Wednesday, 4 March 2009

Rewriting - ugh!

Rewriting is horrible. Sometimes an editor doesn't brief the writer clearly, other times the writer doesn't read the brief properly, other times the piece just doesn't work as originally planned.

Whatever the reason, it is horrible, but sometimes rewriting has to be done. And I think there are two golden rules for the humble writer as s/he sits there gloomily contemplating a few hours of extra work.

1. Be Nice

Don't criticise the editor, even if they have made loads of mistakes. No need to be a doormat - in fact, being a doormat is a VERY bad idea. But just remember that however difficult the editor is, they're usually not being awful just for the sake of it.

Editors are trying to create a good magazine to a deadline. They often have a higher-up editor or a publisher or someone else putting pressure on them. They're human. They want to work with people that do the job without fuss. And they have the power to hire or fire you.

2. Do Check

Find out what's required now. If you're not sure what you did wrong - double check and be sure you understand this time round. Make sure your copy is in on time, and that it is as good as you can make it. If you don't have time to do all this, then make time.

Which all sounds very good and very professional, and it is. But I have to add that occasionally - just occasionally - difficult editors ARE just too awful.

Just Too Awful

Perhaps the worst I ever had was a man who was new in the job and so anxious about it that he wanted no less than six rewrites of a long, long story. I was sorry for him, but my sympathy wore ever thinner each time he changed his mind at the sight of the latest rewrite.

The story in the end was a mess, because in the end I had no idea what I was supposed to be doing, and nor did he. It was published, and I wasn't happy with it. I don't know if he was, but I didn't work for him again.

But then, I didn't need to., hehehe! That's the joy of being part time.


  1. You are lucky to get a reply. Everyone i have been trying to contact lately does not answert their phone or email. its like the marie celeste!

  2. It's not just in travel writing that you get difficult bosses. It is much worse to be trapped with one every day of your working life. One of the advantages of being freelance which Ihave not seen expressed a great deal is that you do not have to work with unplesant or difficult people if you don't want to.. Don't you need an alternative source of income if you are freelance, though? it is hard enough to get a regular job.

  3. As an editor, I found your comment interesting. And I am sympathetic to both sides of the equation, for while I edit hidden europe, I also write a lot of material myself, both for hidden europe magazine of course but also for other media.

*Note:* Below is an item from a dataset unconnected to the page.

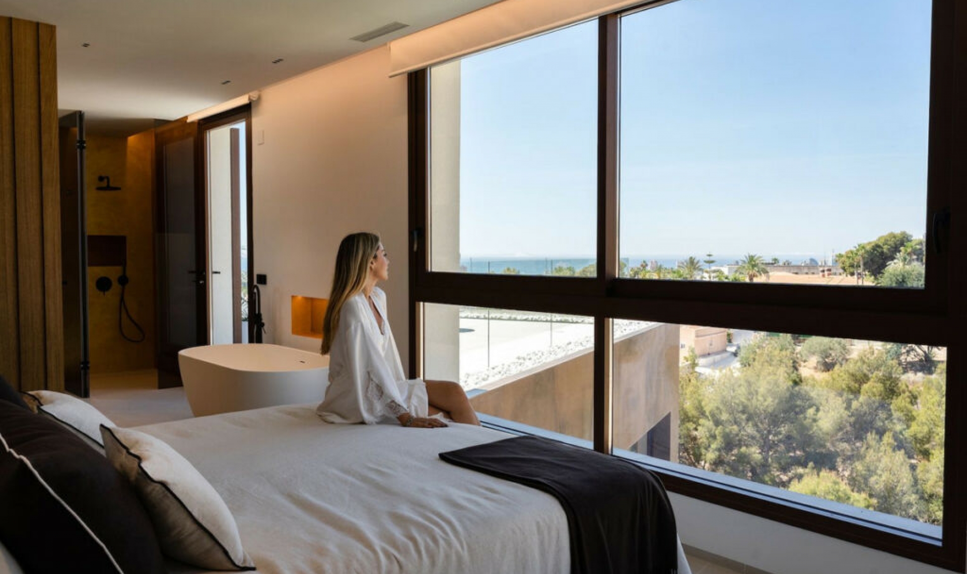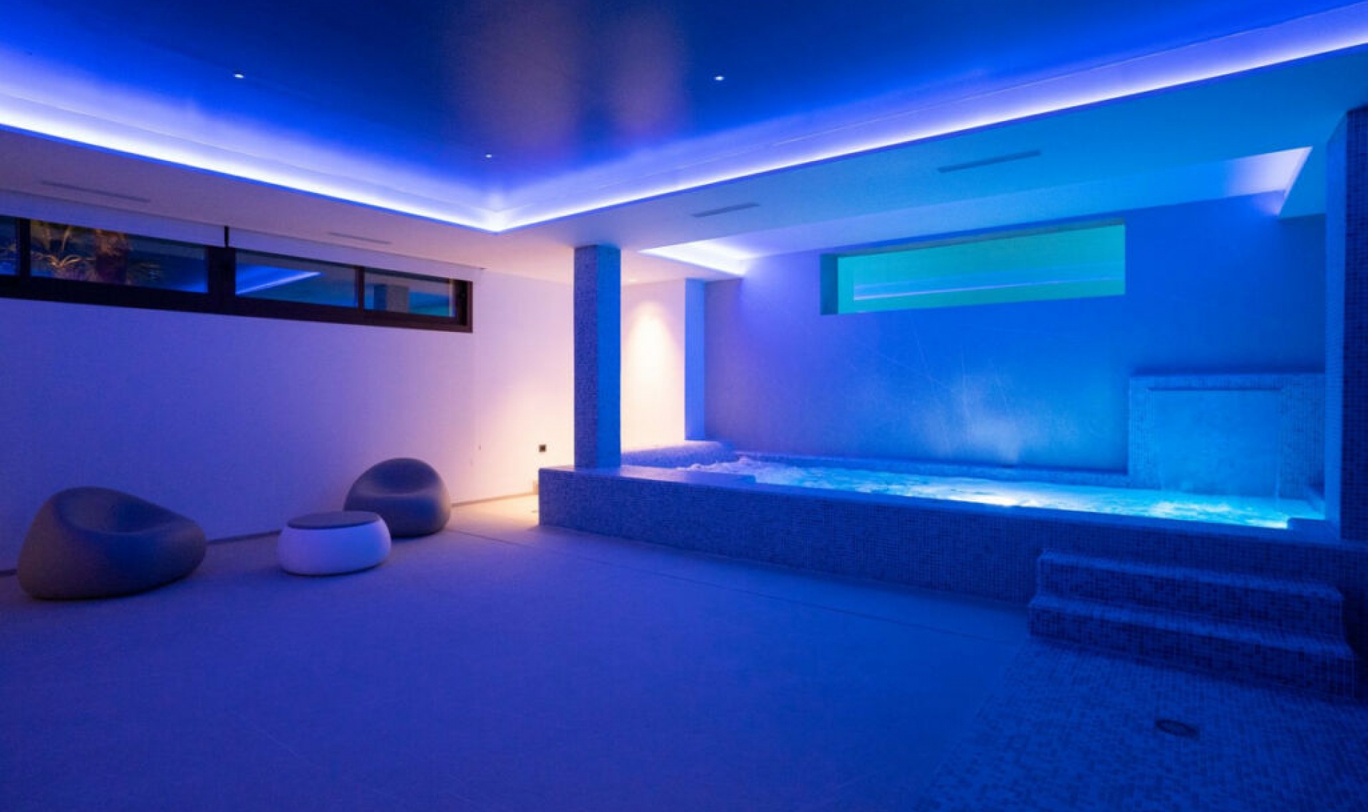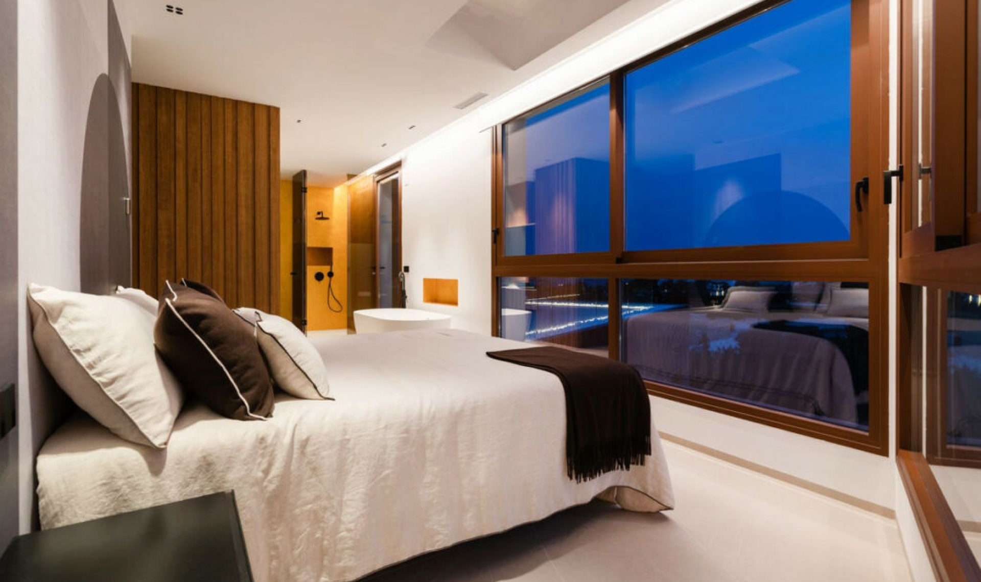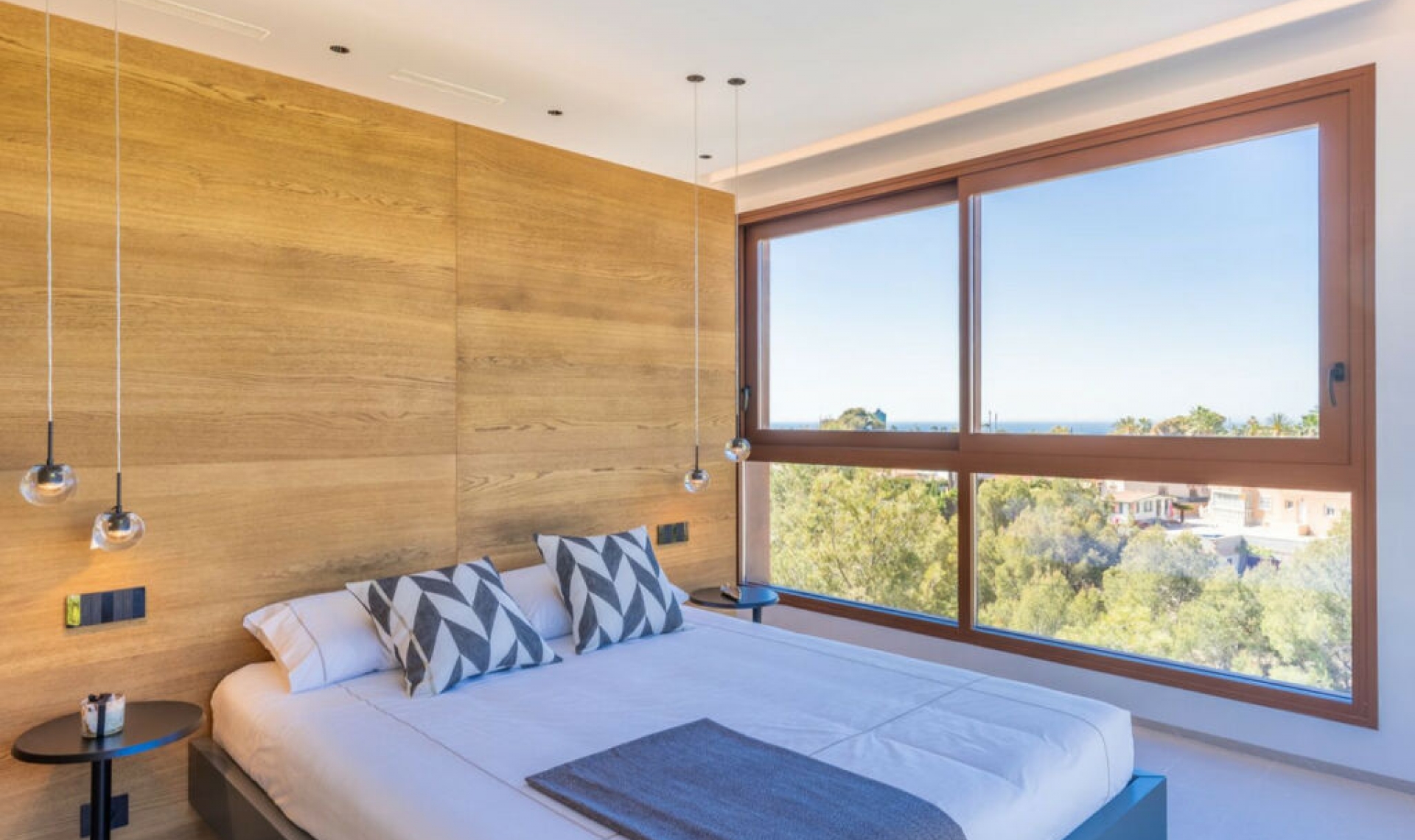 Villa Zen Infinity is a masterpiece of modern architecture, nestled between the sea and the mountains of the beautiful town of La Nucia, just minutes from the vibrant coastal city of Benidorm. From the moment you approach the property, you are drawn in by its sleek and clean design, with straight lines and high quality finishes that give it an impeccable appearance. Villa Zen Infinity features a spacious living room with a breathtaking panoramic view of the Mediterranean Sea. The large 3m tall glass windows with solar protection allow natural light and the sea breeze to flood the rooms, creating a relaxing and welcoming atmosphere. There is a large office and four full suites, each with a sea view and 2 of them with access to their own private terrace. The rooms have an elegant and contemporary design, with minimalist furniture and finishes in light tones that create a calm and serene atmosphere. All bedrooms are en-suite with private bathrooms and dressing rooms, guaranteeing a luxurious and comfortable experience. On the lower floor there is a large Spa, the heart of the villa. A space for complete relaxation and wellness, with a heated Jacuzzi-style swimming pool equipped with a waterfall, hydromassage benches and bubble loungers, as well as a large Finnish sauna and Turkish bath. There is also a large wine cellar and a lift with a stop at each level. The villa also has an outdoor infinity pool and barbecue area, allowing you to enjoy the outdoors and the kitchen at the same time. You will also be able to enjoy the sunsets in its spacious and carefully designed garden. The villa's garage, with capacity for 2 vehicles, is equipped with an electric car charger. The high insulation of the villa's façade, together with its SOUTH orientation and its 19 photovoltaic panels on the roof, allow the property to have an "A" Energy Rating, ideal for those who care about the environment, sustainability and savings. State-of-the-art home automation, underfloor heating and Airzone in every room are some of the many details that complete the comfort and quality of Villa Zen. Overall, Villa Zen Infinity is a unique property with a modern, elegant and sophisticated design, offering an unbeatable quality of life on the Costa Blanca.

    You could always push the task slightly back towards the editor, of course. Very nicely, very gently, with a few flattering words about her or his wealth of experience, etc. Some of the best pieces I have helped usher into print have been genuine joint efforts, where I have worked very closely with an author who was perhaps a little too close to the topic to really address the challenge in a dispassionate manner.

    Authors' egos are often bound up in their words (and that often no bad thing), but editors are there to edit, and sometimes they just need to be prodded to do their job.